● Problem description
Write each line below back out exactly, omitting its pictures.

● Provided material
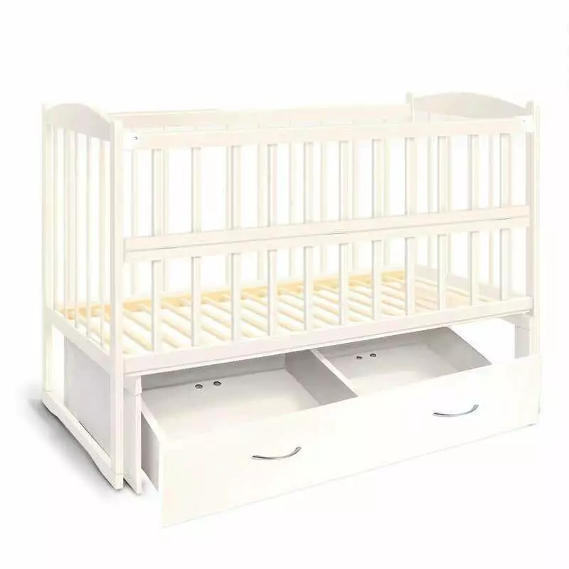 гр Ліжечко дерев`яне маятник+шухляда - відкидний бортик "Няша" (1) вільха - колір слонова кістка
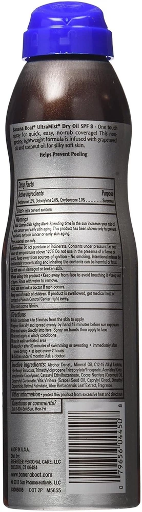 $ 9.15Banana Boat Ultra Mist Dry Oil SPF 8 Sunscreen Spray 6oz 6 Pack
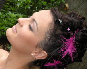C'est finalement une coiffeuse expérimentée qui a réalisé la fameuse coiffe : boucles entrelaçées, frange avec perles fushias et plumes.
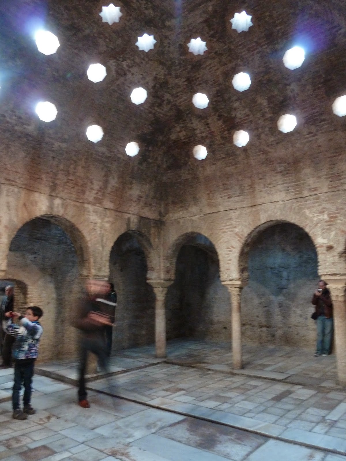 Vous serez surpris par l’ambiance régnant dans le souk Alcaiceria, situé aux abords de la cathédrale, par les gros jambons pendant au plafond des cafés ( pratique commune à toutes les villes d’Espagne, du moins celles où je suis passée) ou encore par les arcades et la voûte étoilée des bains arabes de la ville.

● Response below
 гр Ліжечко дерев`яне маятник+шухляда - відкидний бортик "Няша" (1) вільха - колір слонова кістка
 $ 9.15Banana Boat Ultra Mist Dry Oil SPF 8 Sunscreen Spray 6oz 6 Pack
C'est finalement une coiffeuse expérimentée qui a réalisé la fameuse coiffe : boucles entrelaçées, frange avec perles fushias et plumes.
 Vous serez surpris par l’ambiance régnant dans le souk Alcaiceria, situé aux abords de la cathédrale, par les gros jambons pendant au plafond des cafés ( pratique commune à toutes les villes d’Espagne, du moins celles où je suis passée) ou encore par les arcades et la voûte étoilée des bains arabes de la ville.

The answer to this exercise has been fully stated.